What to do: Reproduce exactly only the lines from the line that holds "Designed by a" to the line that holds "This dark brown", inclusive, in the listing below, and please leave out every picture.
** Opening Data shown block **
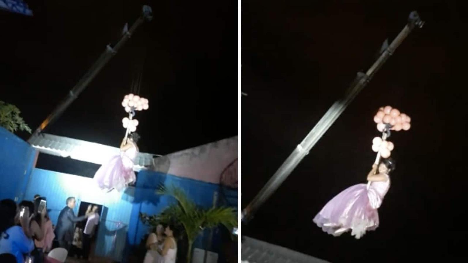 El momento se viralizó por TikTok y en el clip se puede ver a la quinceañera descendiendo de los aires con la ayuda de una grúa que estaba en el patio del hogar, sin ningún problema.
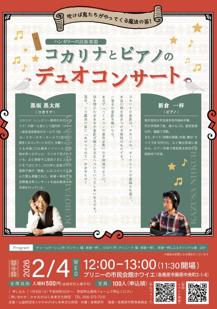 幅広い世代の皆さんに、気軽に音楽に親しんでいただくためコンサートを開催します。ぜひお友達やご家族など、お誘いあわせの上ご参加ください! ハンガリーの民族楽器コカリナとピアノのデュオコンサート 吹けば鳥たちがやってくる魔法...
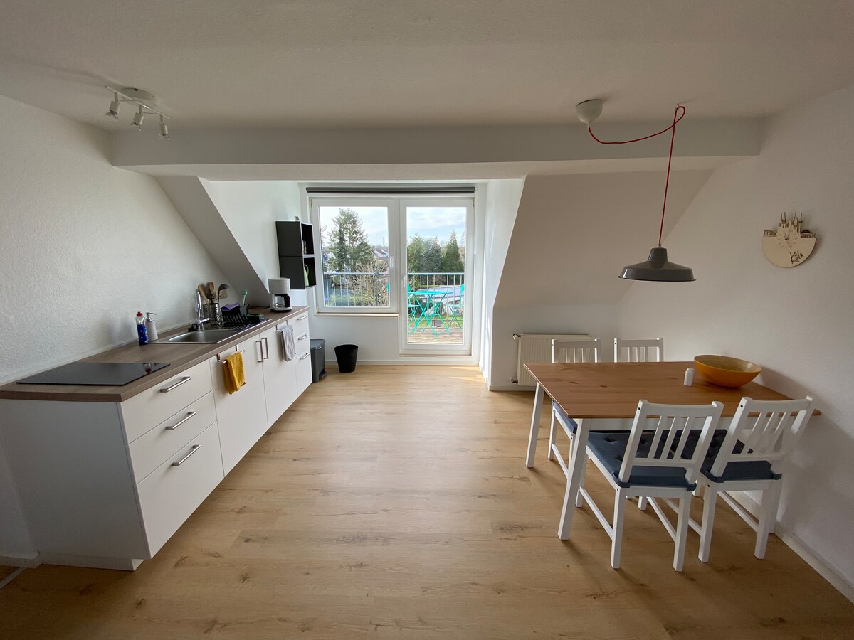Dobro došli u naš ukusno namješten stan. Uživajte na 2 sprata stambenog prostora tokom boravka u Kelnu: - dobro opremljena čajna kuhinja sa mašinom za suđe, - udobna trpezarija - mali, ali lijep prostor za opuštanje s ravnim ekranom, - kupatilo od prirodnog kamena i tuš kabinom u prašumi - elegantna spavaća soba (pravo drvo) s udobnim krevetom, također s TV-om - sa lijepim vremenom: jutarnje sunce na maloj terasi
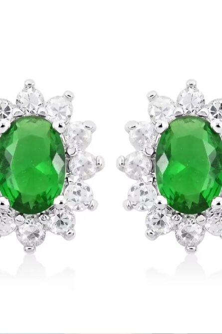 73 - Simulated Emerald Sunburst Stud Earrings
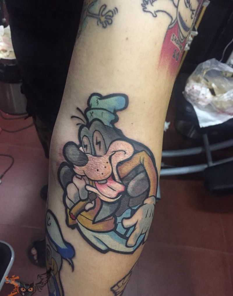 唐老鸭 高菲纹身图片_插画肩部腰部手臂国画肖像欧美动物原创情侣纹身图案
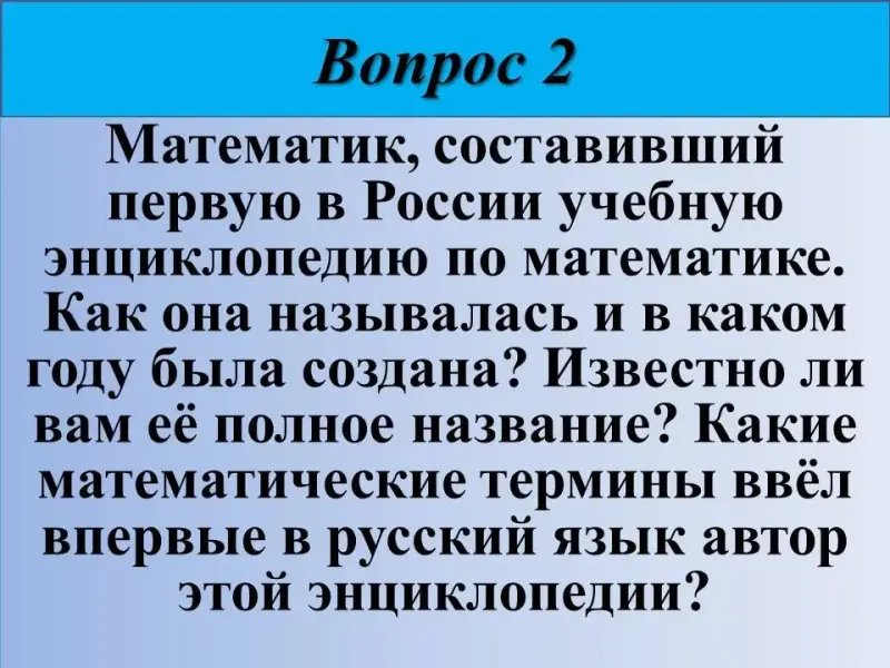 2) Математик, составивший первую в России учебную энциклопедию по математике. Как она называлась и в каком году была создана? Известно ли вам её полное название? Какие математические термины ввёл впервые в русский язык автор этой энциклопедии?
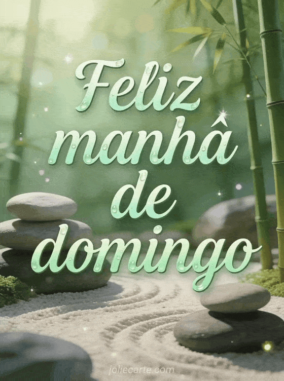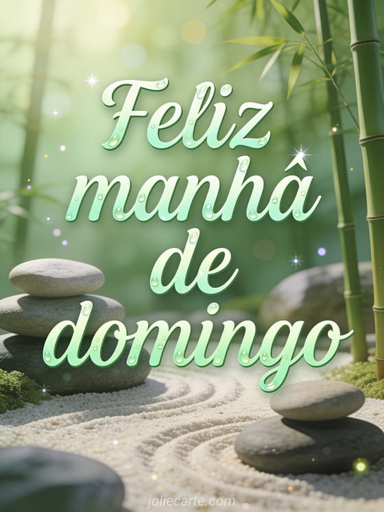 Envie uma saudação tranquila de feliz manhã de domingo com letras verde-menta, efeito de gotas de orvalho e um jardim zen sereno com pedras lisas e bambu. Veja também bom domingo meu amor, bom fim de domingo ou bom dia domingo.
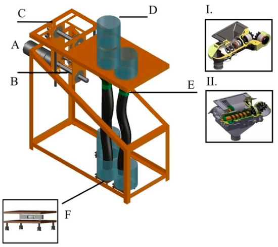 Diagonal projection of the electronic and automated bench. Note: A. electrical control; B. transmission set; C. articulation; D. reservatory; E. spiral fertilizer dischargers; F. data acquisition system. I. single spiral fertilizer dischargers; II. double spiral fertilizer dischargers.
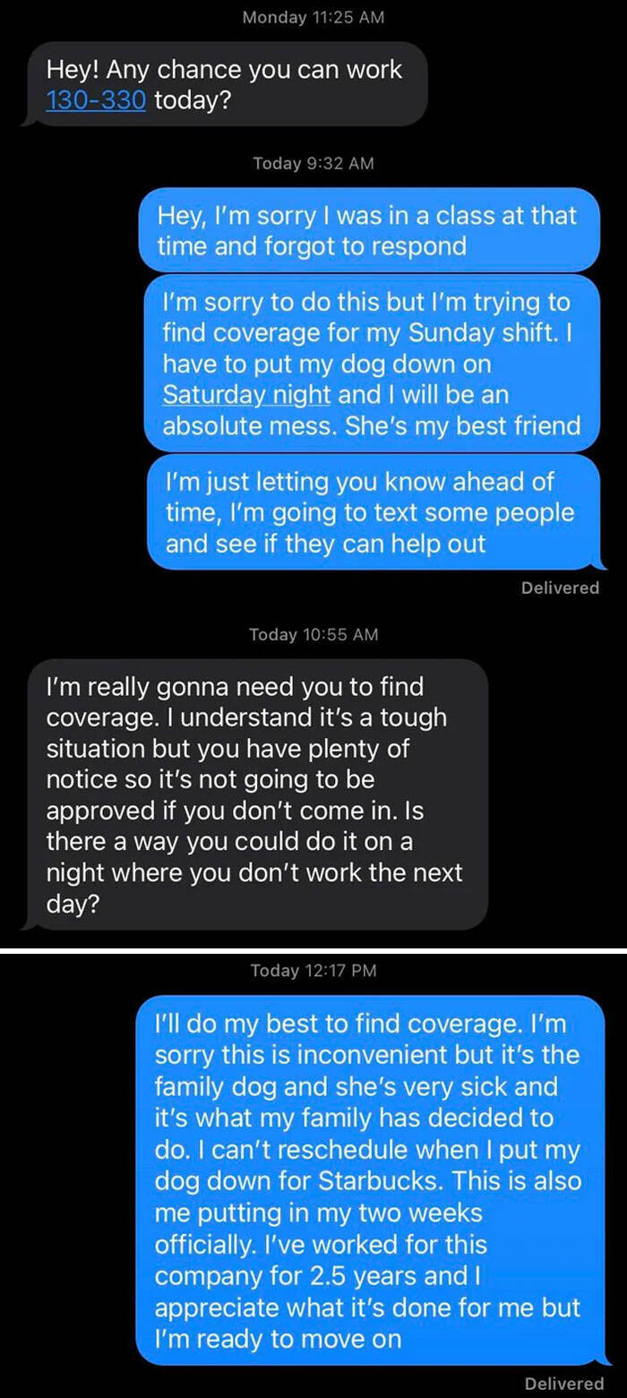 "This was what I received from my boss after asking for help regarding having to put my dog to sleep and not being able to make my 5 AM shift because of it. I worked at Starbucks for over 2.5 years and called out/was out sick a total of three or four times."
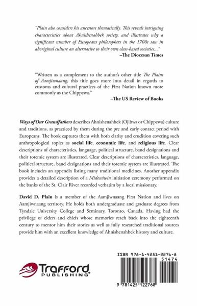 Ways of Our Grandfathers compliments David D Plain's previous book, The Plains of Aamjiwnaang. While his first book focused on the history of the Ahnishenahbek (Chippewa) of Aamjiwnaang territory Ways of Our Grandfathers describes Ahnishenahbek culture and traditions from the pre and early contact period with Europeans. It covers such anthropological topics as social life, economic life, and religious life. Clear descriptions of characteristics, language, political structure, band designations and their totemic system are illustrated. Gatherings, games and stories are depicted with vivid illustrations. Construction of their dwellings and canoes are described as well as methods of hunting, fishing and sugar making. Trade routes and places of trade are given as well as types of trade goods. Religious life is detailed and includes a description of the political structure of the Midéwiwin Medicine Society, healing practices and death customs. The book includes an appendix listing many traditional medicines. Another appendix provides a detailed description of a Midéwiwin initiation ceremony performed on the banks of the St. Clair River recorded verbatim by a local missionary.
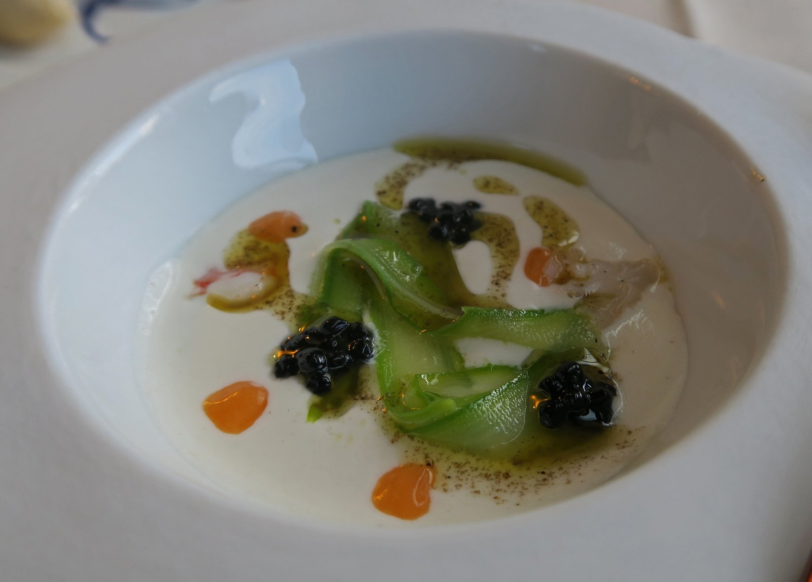 Ajo Blanco is a traditional cold almond and garlic soup….this version had the amazing flavor of truffles as well.
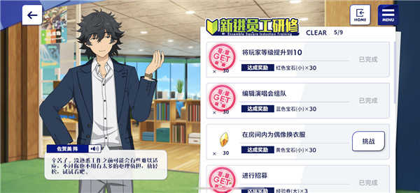 【新进员工研修】:通过一些简单的任务帮助制作人更快上手。点击【挑战】可以直接跳转到该任务的相关界面。
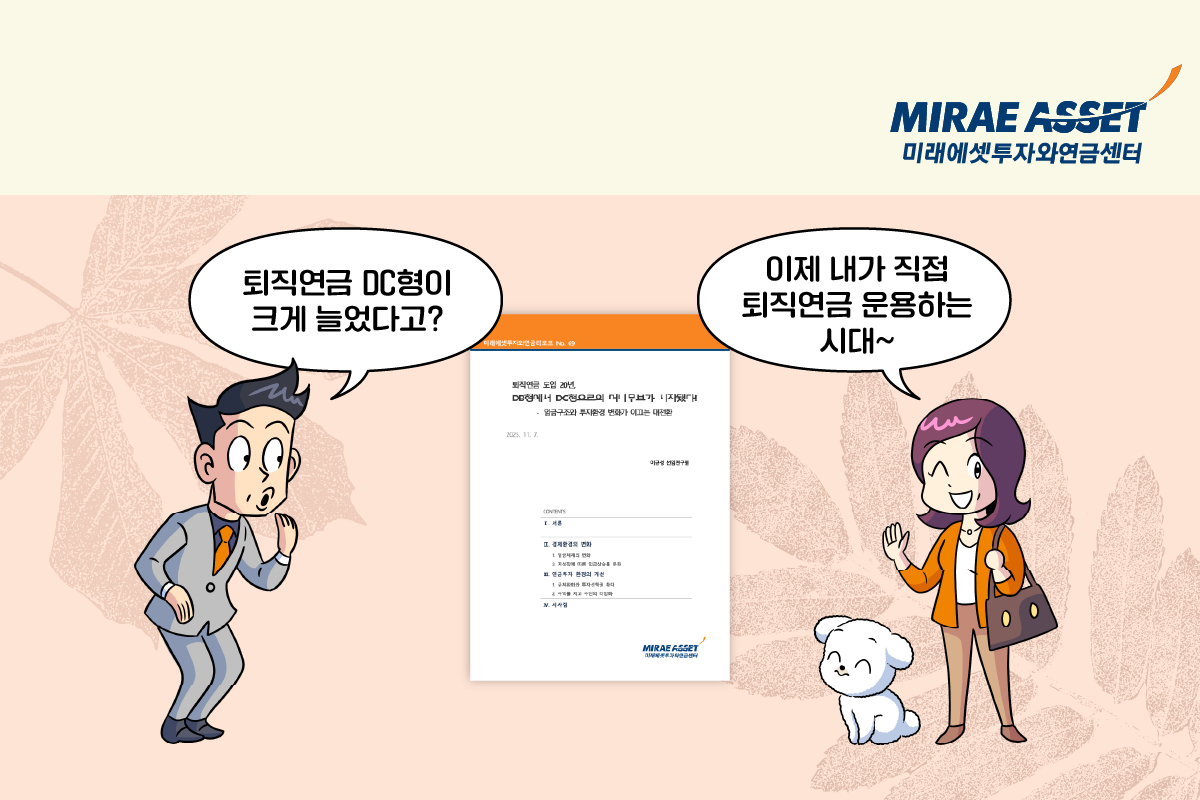 요즘 직장인들 사이에서 '퇴직연금, 어떻게 관리해야 할까' 고민하는 분들이 점점 늘어나는 것 같습니다. 어떤 제도를 선택하느냐, 어떻게 운용하느냐에 따라 내 노후자금이 크게 달라질 수 있기 때문인데요. 어떤 제도가 유리한지는 개인의 상황과 더불어 변화화는 환경을 고려해봐야 하죠. 그래서 이번 뉴스레터에는 퇴직연금 가입자를 둘러싼 환경이 최근 어떻게 변하고 있는지에 대한 흥미로운 연구리포트를 준비해봤어요. 이어서 실제 제도를 고를 때 꼭 체크해야 할 실전 팁을 담은 글도 함께 읽어보시면 좋겠네요. 날씨가 부쩍 추워졌습니다. 감기 조심하시고 따뜻한 하루 보내세요!
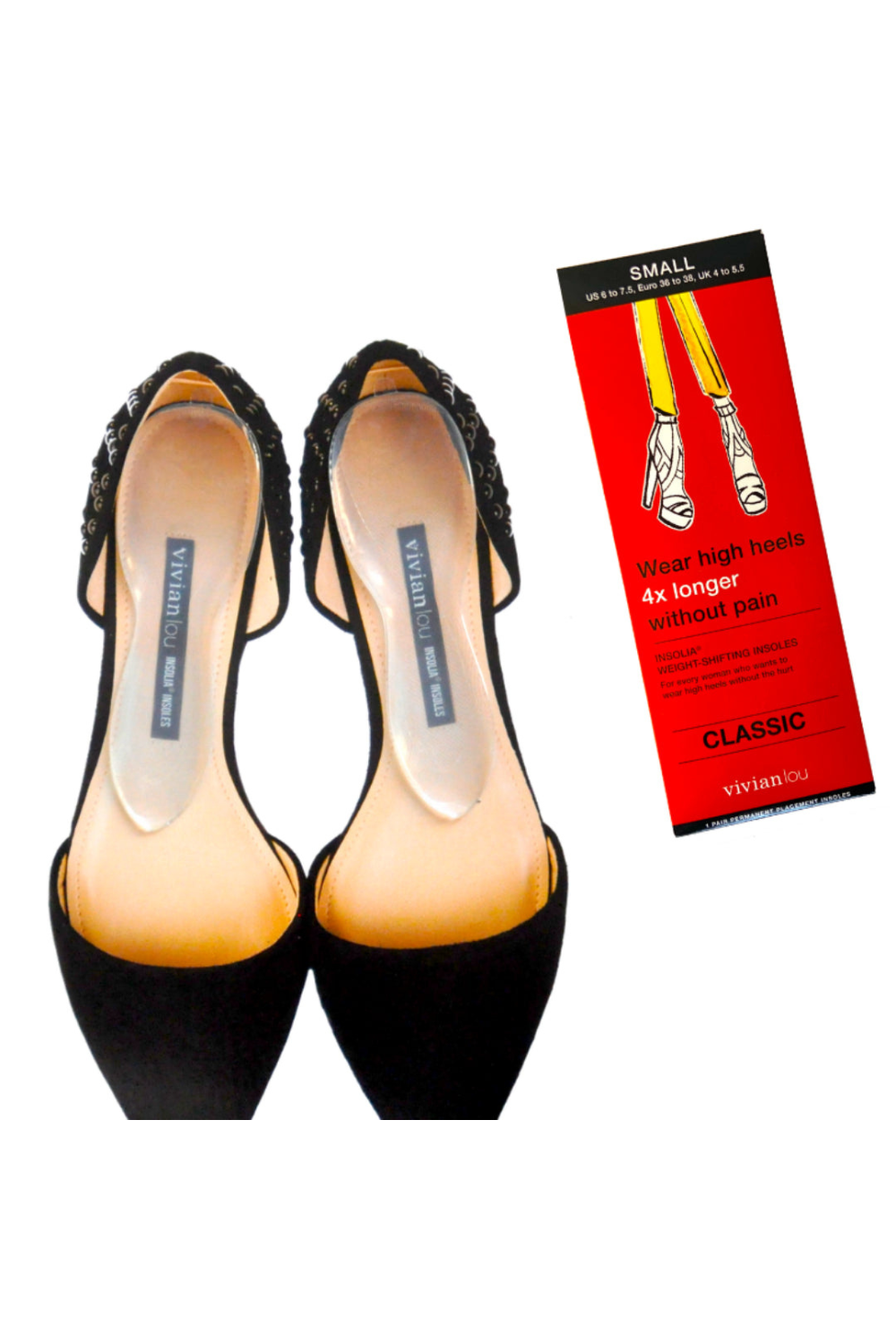 Designed by a podiatrist and engineered by a rocket scientist, Vivian Lou Insolia® Weight-Shifting Insoles for High Heels were created for every woman who wants to wear high heels without the hurt. Permanent placement insoles are a revolution in design and comfort and unlike anything you’ve ever experienced. They ever-so-slightly rotate the heel bone up and back allowing for a more equal distribution of weight between the forefoot and heel. They also stop the feet from slipping forward in shoes.
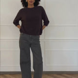 This dark brown knit top combines timeless elegance with cozy comfort. It features a round neckline and half-length sleeves made from soft knit fabric.
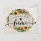 Schicken Sie diese rustikale Sonnenblumenpostkarte an Ihre Freunde und Familie, um ihnen lassen, dass Sie auf eine neue Zuhause umgezogen sind. Die Vorderseite ist schlicht mit dem Wort "Zuhause", das in handgeschriebenem Stil kalligraphisch auf hellen Holzfußboden mit Sonnenblumen und Grünpflanzen dargestellt ist. Auf der Rückseite können Sie Ihre neue Adresse bekannt geben.
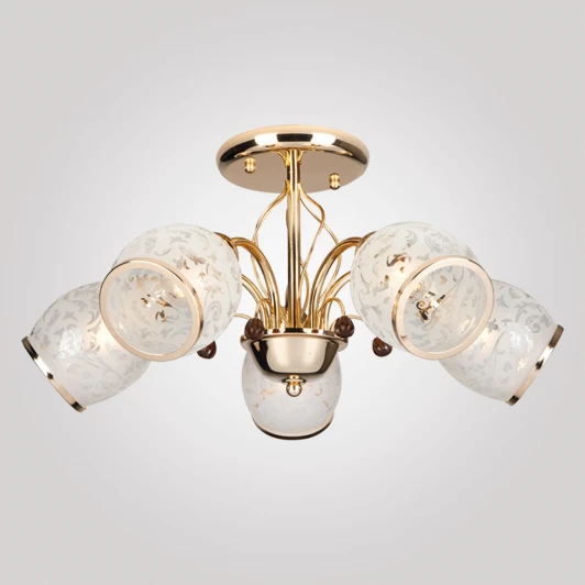 Потолочная люстра на штанге 00000073715 30026/5 золото от бренда Eurosvet изготовлена из металла в золотом цвете. Рассчитана на лампочки с цоколем 5xE27, мощность 300 Вт. Стиль – классический. Модель имеет 5 плафонов из стекла и металла, подходит для установки на потолке в гостиной, в спальне, на кухне, над обеденным столом. Освещаемая площадь до 24 кв. м. Питание от сети 220 В. Степень защиты от влаги и пыли IP20. Способ крепления – монтажная пластина. Габариты: длина 520 мм, ширина 520 мм, высота 270 мм. Заказывайте Eurosvet 00000073715 30026/5 золото онлайн по низкой цене с гибкими условиями доставки на Fedomo.ru!
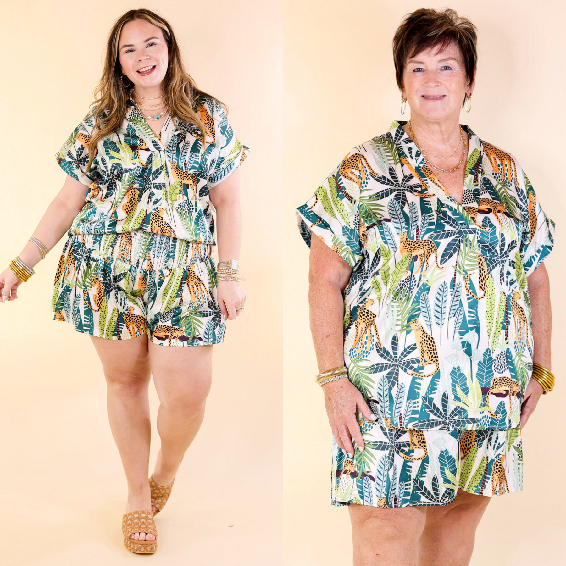 This white V-neck top has a fun and stylish jungle print featuring oranges leopards. It's complete with cuffed sleeves for a touch of sophistication. Make a statement whether you're strolling around town or just lounging at home! Make sure to grab the matching bottoms for a fun look!
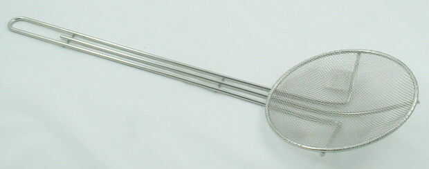 Normalmente utilizo una cuchara de malla de alambre (se usa para freír, etc.) pero se puede usar un colador + filtro de café, nada de alambre de malla, idealmente un $40 + Williams Sonoma wire mesh salpicadura impedimento pero esto puede sustituirse fácilmente con cualquier número de cosas.
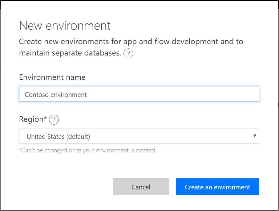 When creating environments be sure to be aware of the limitations of environments — since they are an isolation boundary you can never reference different resources across environments. For example, you can only access the Common Data Service from the same environment as where the database is. As a result, be sure to create environments only where you need them.
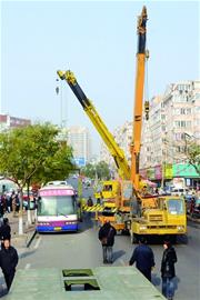 昨天上午10時(shí),兩輛大型吊車和一輛大型拖車來到現(xiàn)場(chǎng)。“我們測(cè)量了一下,這輛大客車長12米,一輛吊車吊不起來,普通拖車還放不下,只好弄來了三個(gè)‘大家伙’。”現(xiàn)場(chǎng)負(fù)責(zé)吊車的某公司負(fù)責(zé)人告訴記者,他們的拖車長度超過了20米,拖兩輛坦克都沒問題,公司還專門特制了工具來固定大客車。
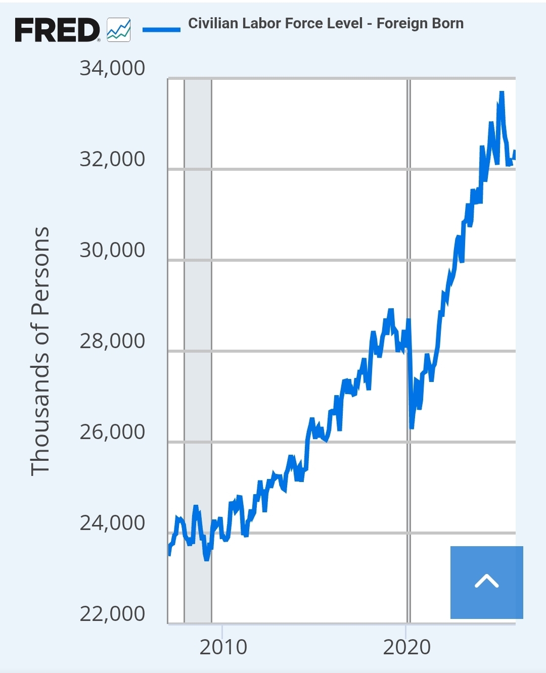 >525842304>>525842219>ahhh this graph must be photoshopped I can see from the pixels Since you're retarded, this is from the St. Louis Federal Reserve Bank and they track a multitude of facts about labor and rhe economy in general. You can look it up yourself. They've been tracking the foreign born part of the civilian labor force since mid 2000s and it only ever goes down when Trump is in office.But whatevs, sure, just keep lying to yourself and everybody else. This is the only thing left in your playbook now that the USAID and Somali money has dried up.
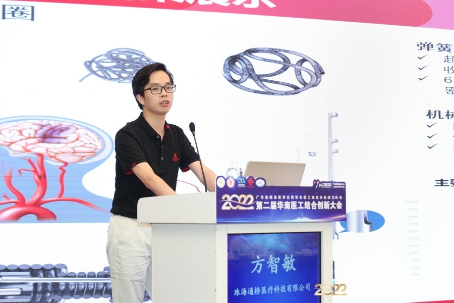 珠海通桥医疗科技有限公司研发总监方智敏介绍了公司的发展历程、神经介入本土全线创新解决方案、创新产品成果、创新产品实现路径、研发布局。
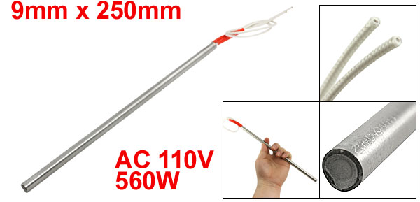 Product Name Cartridge Heater Material Stainless Steel, PVC, Nylon Rated Voltage AC 110V Power 560W Heater Size (Approx.) 9 x 250mm / 0.35" x 9.8" (D*L) Wire Length (Approx.) 29cm / 11.4" Color Silver Tone, Red, White Weight 71g Package Content 1 x Cartridge Heater - Reviews
** Closing Data shown block **
Written solution:
 Designed by a podiatrist and engineered by a rocket scientist, Vivian Lou Insolia® Weight-Shifting Insoles for High Heels were created for every woman who wants to wear high heels without the hurt. Permanent placement insoles are a revolution in design and comfort and unlike anything you’ve ever experienced. They ever-so-slightly rotate the heel bone up and back allowing for a more equal distribution of weight between the forefoot and heel. They also stop the feet from slipping forward in shoes.
 This dark brown knit top combines timeless elegance with cozy comfort. It features a round neckline and half-length sleeves made from soft knit fabric.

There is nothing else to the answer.